To be successful as a real estate agent today, you have to be able to cater to myriad demographics, particularly millennials, the largest generational cohort since the Baby Boomers.
Reaching this block of buyers requires a different mindset.
Over the months, there have been a number of articles discussing the best ways for agents and mortgage professional reach the millennial market. Many of those have focused on utilizing technology and social media.
However, there isn’t a lot of specific messaging geared toward this growing market, which demonstrates the gap between millennials and the real estate industry as a whole.
Are millennials unrealistic in their expectations – in both thinking that the market will come to them when they’re ready or giving up the idea of homeownership altogether? Or, are real estate and mortgage professionals simply not approaching and talking to millennials in a way that makes sense to them?
According to a 2017 homebuyer Insights Report from Bank of America, millennials are ready to homes.
“If there’s one thing to take away from our report this year, it’s that forward-thinking millennials are buying homes – and they’re happy with their choice,” the report said. “This growing group of millennials is seeing the value of getting into a home. In fact, nearly 80 percent who bought homes report that homeownership has had a positive long-term impact on their financial picture. Clearly, the millennial generation is coming of age and realizing it might not make sense to wait anymore to purchase their first home.”
Millennials make up 42 percent of first-time homebuyers, the largest group of any generation. According to a report by Apartmentlist, 80 percent of millennials said they would like to buy a home one day, but just 55 percent think they can actually afford to buy one.
And a key question for agents to pinpoint is just what are millennials willing to give up to move into homeownership.
When working with millennials, can you convince them that paying off their car and not trading it in for a new one is the smart move if they want to buy a home? Possibly.
This assumes that they have a car they can pay off and not a lease, which is a greater possibility.
Further, it assumes that millennials will act in a way that is opposite their nature for the sake of becoming a homeowner.
“Younger buyers in particular are more likely to view cars as technology that needs to be continually upgraded,” Jessica Caldwell, executive director of strategic analytics at Edmunds.com told the Dallas Morning News.
This is where mortgage options come into play. So much of working with buyers today, and, especially millennials, is about being creative, which is why there are so many other loans out there worthy of investigation.
From FHA loans, which would allow millennials to put down just 3.5 percent with more lenient credit scores than many conventional loans, there also are Fannie and Freddie loans out there that require just 3 percent down.

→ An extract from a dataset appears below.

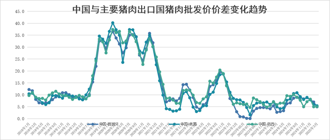 贸易方面,2月份,美国猪肉出口同比下降,巴西猪肉出口同比增长。从美国看,2月份猪肉出口25.6万吨,同比降4.8%。其中,对华出口1.7万吨,同比增17.4%。1—2月猪肉出口51.8万吨,同比降3.3%。其中,对华出口3.6万吨,同比增37.1%。从巴西看,2月份猪肉出口10.1万吨,同比增19.8%。其中,对华出口1.7万吨,同比降29.0%。1—2月猪肉出口18.9万吨,同比增12.4%。其中,对华出口3.6万吨,同比降22.8%。
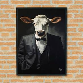 Quadro Decorativo Boi Elegante - 70x50cm - Cor: Moldura Preta

Specially branded mortgages with a minimum of 3 percent down also are attractive. Special deals also are drawing in millennials.
Chase’s DreaMaker mortgage is directed at low-to-moderate income buyers, as well as those with less-than-perfect credit.
Lennar also just introduced a new loan program through its subsidiary called the Eagle Home Mortgage’s Student Loan Debt Mortgage Program in which borrowers “can direct up to 3 percent of the purchase price to pay their student loans when they buy a new home from Lennar,” according to the builder’s news release. That could mean getting rid of $13,000 in student loans.
For agents working with millennials, that can be an attractive option to be able to discuss.